The task: Only the lines below from the one containing "The southern summit" through the one containing "Chateau Lake Louise in Alberta, Canada" belong in the answer, set down exactly, with the pictures left out.

***** Recorded information

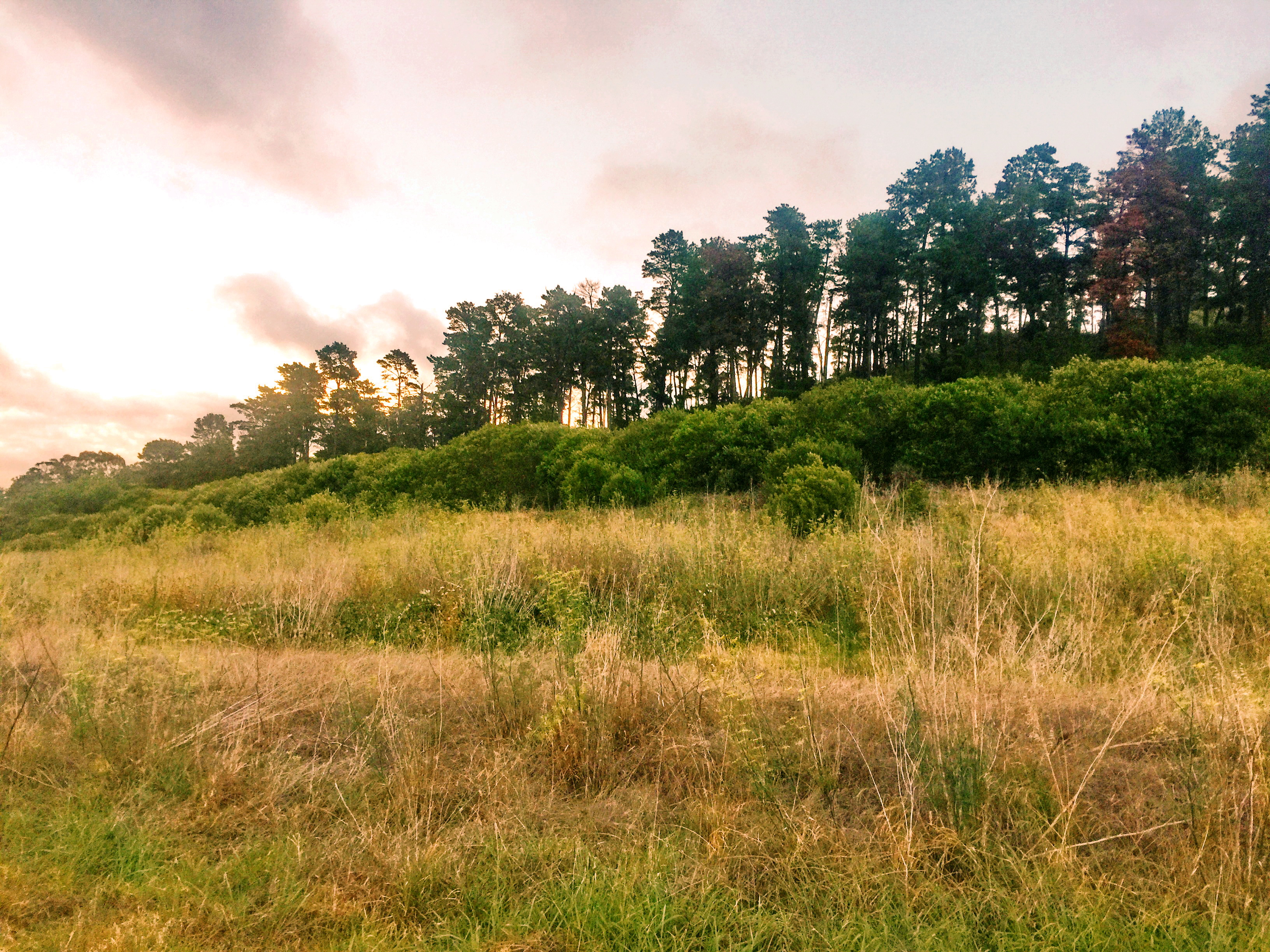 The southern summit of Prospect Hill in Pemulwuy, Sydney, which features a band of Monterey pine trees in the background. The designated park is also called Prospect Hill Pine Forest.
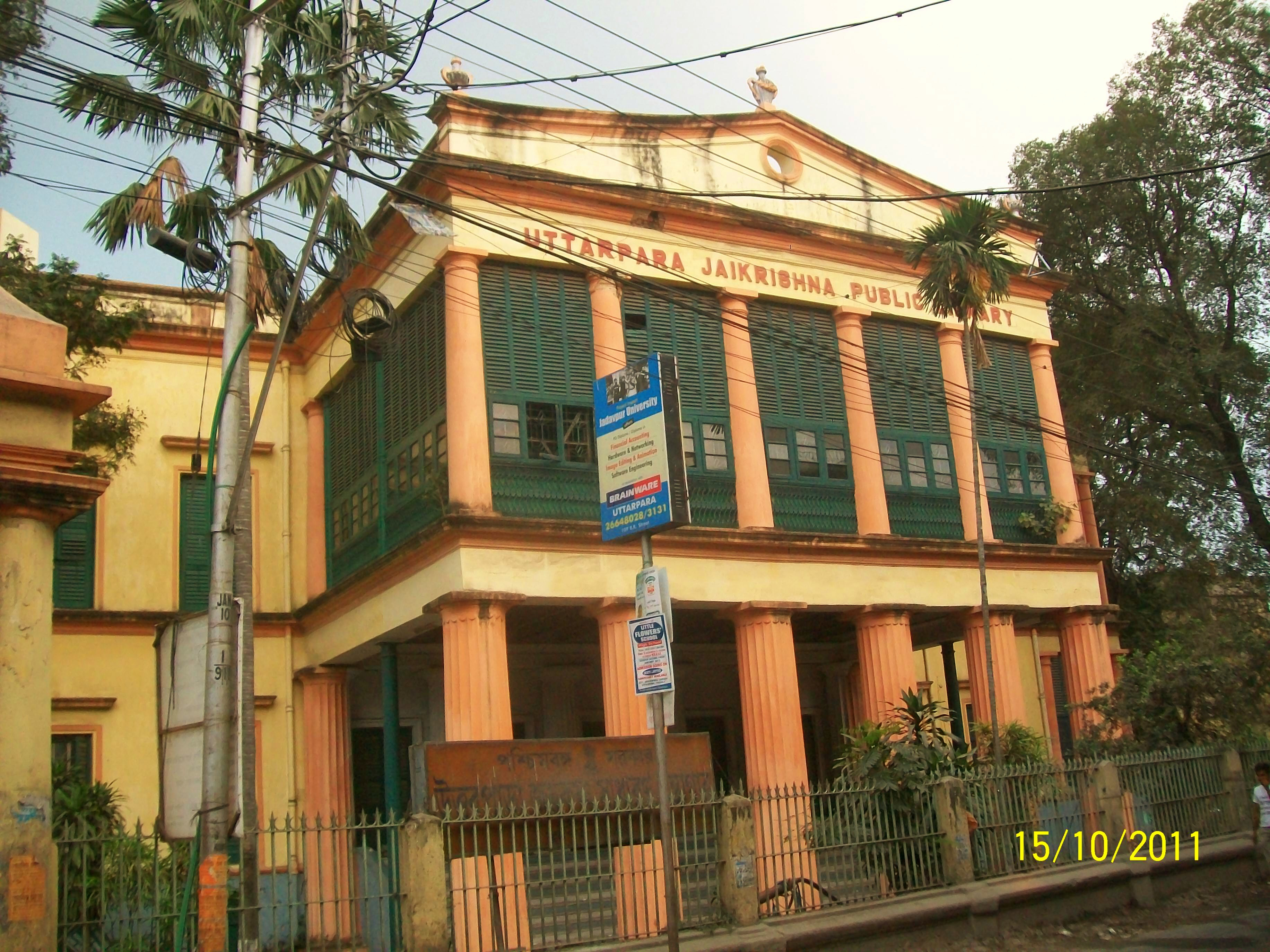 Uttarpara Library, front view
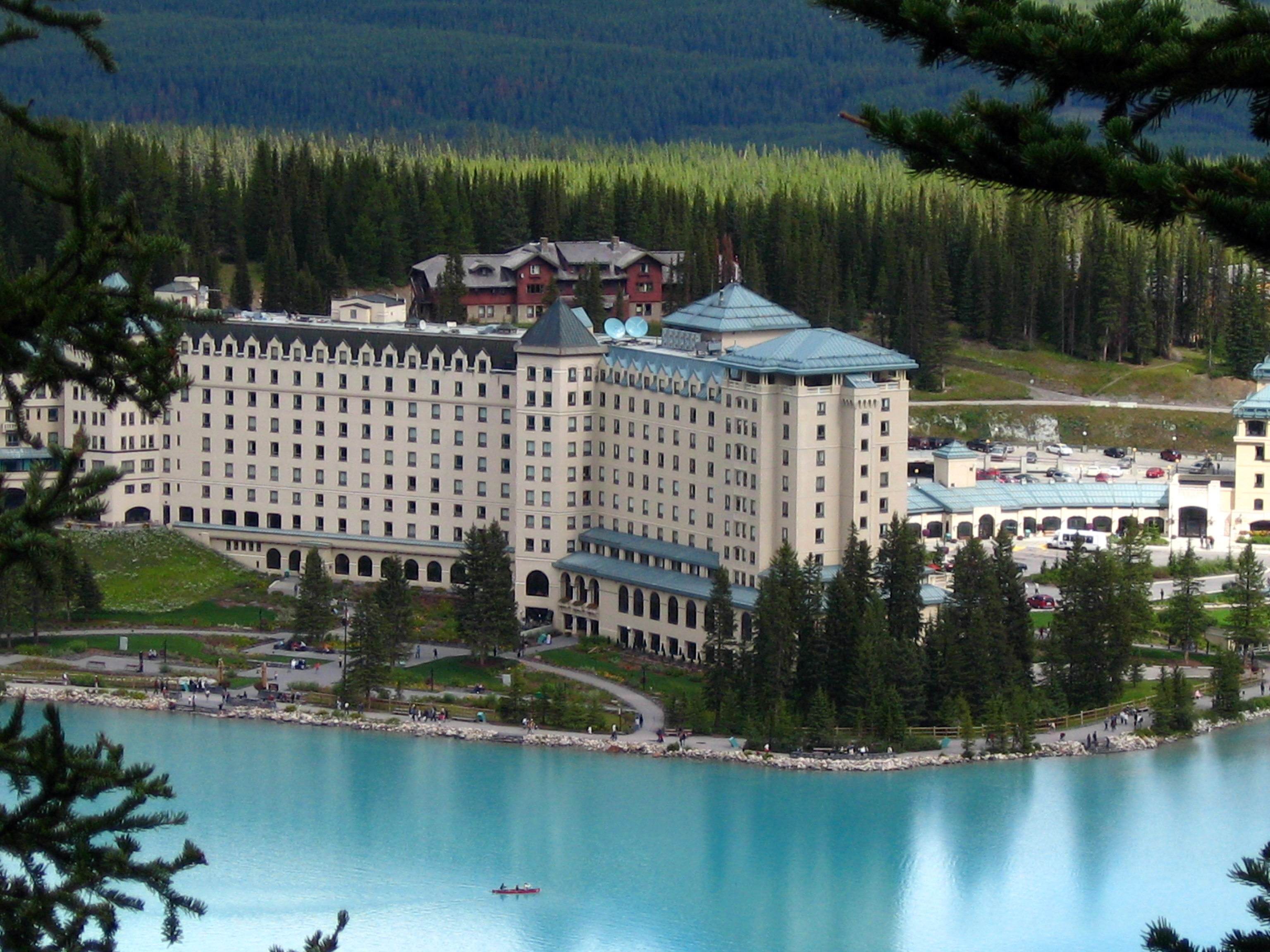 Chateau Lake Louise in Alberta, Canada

**********
***** Recorded information

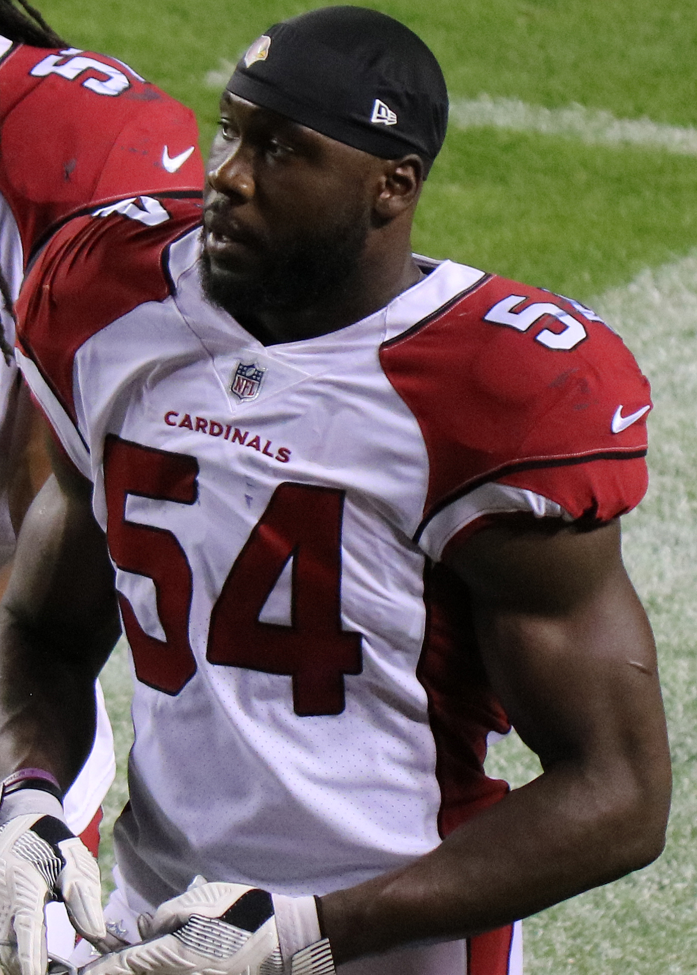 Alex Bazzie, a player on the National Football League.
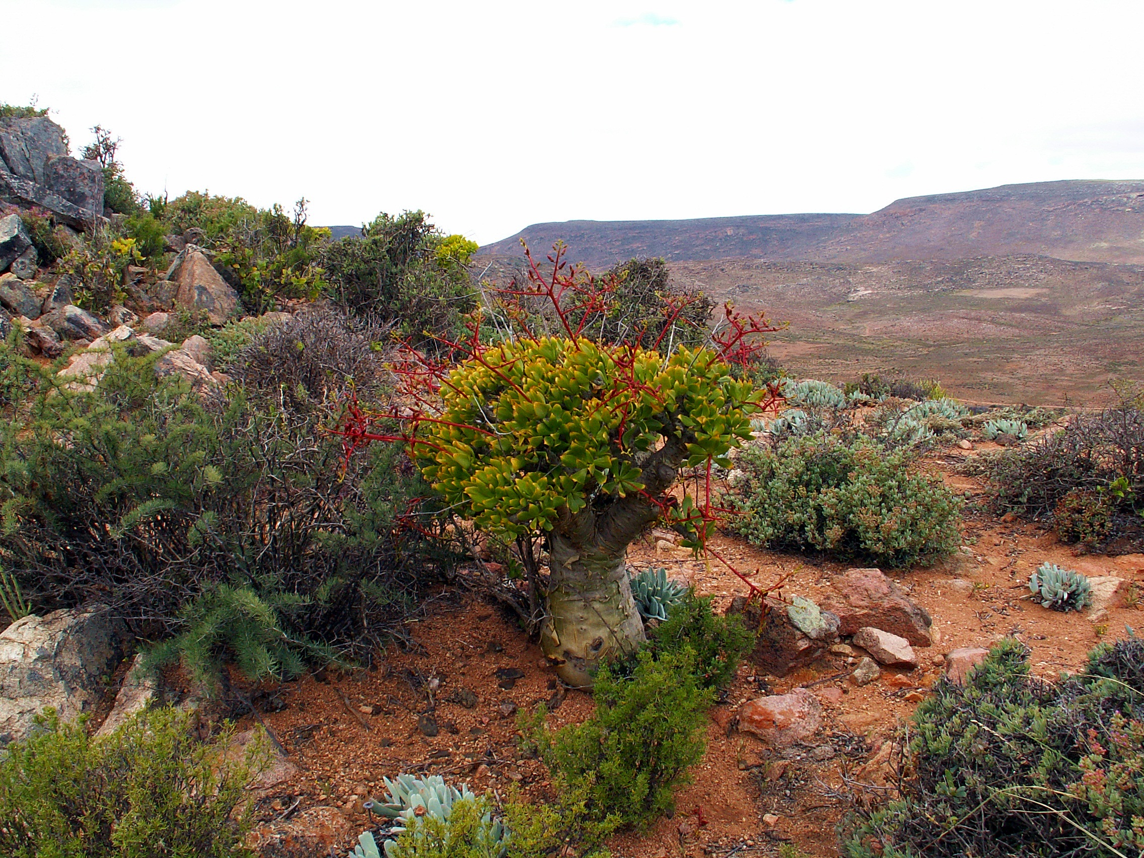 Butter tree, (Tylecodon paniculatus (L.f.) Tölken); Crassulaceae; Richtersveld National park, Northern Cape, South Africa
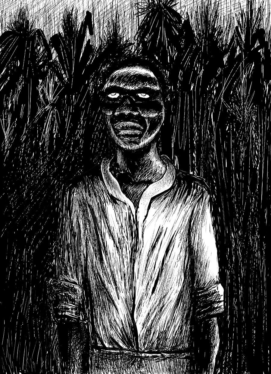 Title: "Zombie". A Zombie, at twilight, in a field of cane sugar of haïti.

**********
***** Recorded information

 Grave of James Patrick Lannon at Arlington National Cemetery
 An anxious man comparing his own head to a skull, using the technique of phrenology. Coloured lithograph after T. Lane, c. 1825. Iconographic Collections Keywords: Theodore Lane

**********

Response for this exercise:
 The southern summit of Prospect Hill in Pemulwuy, Sydney, which features a band of Monterey pine trees in the background. The designated park is also called Prospect Hill Pine Forest.
 Uttarpara Library, front view
 Chateau Lake Louise in Alberta, Canada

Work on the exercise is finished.